Es ist abwegig, dass Bund, Länder und Kommunen diese Mittel in den kommenden Jahren in die Hand nehmen werden. »Nicht alle Wünsche können in Kürze erfüllt werden«, sagte denn auch Markus Lewe, Präsident des Deutschen Städtetages im Hinblick auf die Ausstattung des Gute-Kita-Gesetzes. »Perspektivisch müssen Finanzmittel nachgelegt werden.« Angesichts dieses Engpasses stehen die Forderung nach einer besseren Qualität der Betreuung und der Wunsch nach einer weitreichenden Beitragsfreiheit unweigerlich in Konkurrenz.

Skeptisch äußerte sich auch der Städte- und Gemeindebund über eine generelle Abschaffung von Kita-Gebühren. Die Kommunen, die für Kindertagesstätten zuständig sind, seien derzeit mit großen Anstrengungen dabei, die Betreuungsangebote weiter auszubauen und die Qualität zu verbessern, sagte Gerd Landsberg, Geschäftsführer des Bundes. Beitragsfreiheit bei der Kindertagesbetreuung sei »kontraproduktiv und daher ein falscher Schritt«, so seine Einschätzung.

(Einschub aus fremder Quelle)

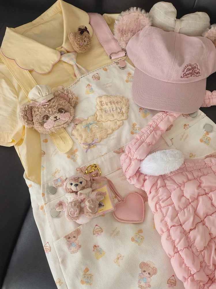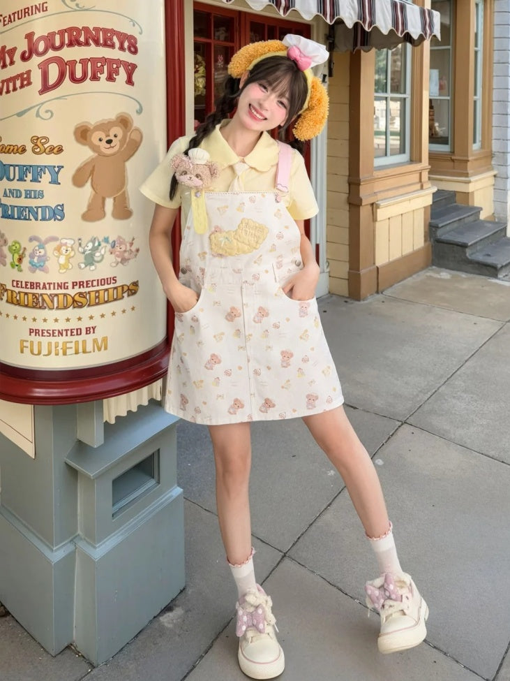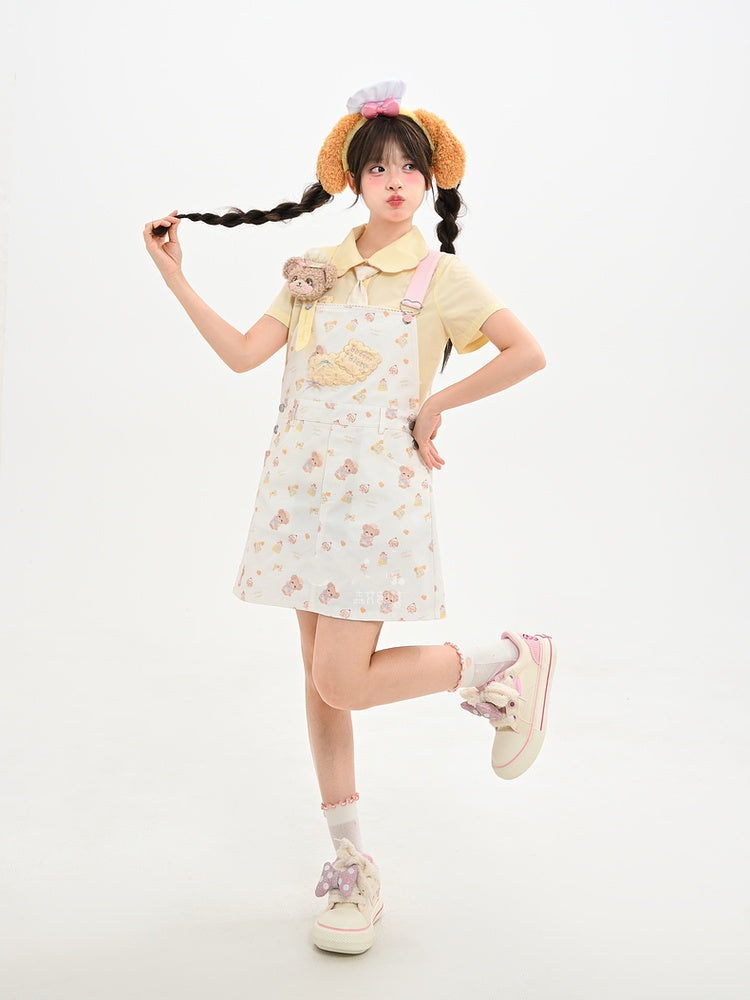 クマの刺繍アップリケ付きホワイトぬいぐるみクッキーとプリント総柄オーバーオールスカート

Tatsächlich zeigen sich auffallend viele Eltern trotz der Belastung durch Kita-Beiträge und Zusatzgebühren dazu bereit, für eine bessere Qualität in den Einrichtungen höhere Beiträge zu zahlen. Laut einer Umfrage der Bertelsmann-Stiftung würden es 59 Prozent der Eltern oberhalb und 53 Prozent unterhalb der Armutsgrenze akzeptieren, für mehr Personal und einer besseren Ausstattung in den Kitas sogar noch höhere Beiträge zu entrichten.

Bundesweit gibt es zurzeit recht große Unterschiede bei den Kita-Beiträgen, mitunter variieren sie von Kommune zu Kommune. Soziale Staffelungen sind zwar üblich, aber die Befragung der Bertelsmann-Stiftung ergab auch, dass ärmere Eltern oft einen größeren Teil ihres Einkommens für die Betreuung aufbringen müssen als wohlhabendere. »Hier müsste dringend nachgebessert werden«, sagte Annette Stein von der Bertelsmann-Stiftung. Sie schlägt vor, statt pauschal Beiträge für ganze Jahrgänge zu streichen, wie es derzeit einige Länder praktizieren, alle Eltern unterhalb der Armutsgrenze von Kita- und Zusatzbeiträgen zu befreien. Kosten würde dies ihrer Berechnung zufolge rund 700 000 Millionen Euro im Jahr.

Bayern geht indes einen eigenen Weg, um die Kinderbetreuung bezahlbar zu machen. Kita-Beiträge will die CSU-Regierung nicht streichen, sie wettert vielmehr gegen eine »Gratis-Mentalität«. Aber ab September führt das Land ein eigenes Familiengeld ein. Eltern erhalten für ihre Kinder im zweiten und dritten Lebensjahr monatlich 250 Euro, ab dem dritten Kind 300 Euro. »Wir setzen auf die direkte Entlastung der Eltern und nicht nur auf ein einziges Betreuungsmodell«, erklärte Ingrid Heckner, stellvertretende Vorsitzende der CSU-Fraktion im Bayerischen Landtag die Idee dieser Leistung.

Und doch wollen auch die Christsozialen in den kommenden Jahren eine Qualitätsoffensive für die Kitas starten. Unweigerlich werden dem Freistaat dann aber auch jene Mittel fehlen, die in das unmittelbar vor der Landtagswahl eingeführte Familiengeld fließt.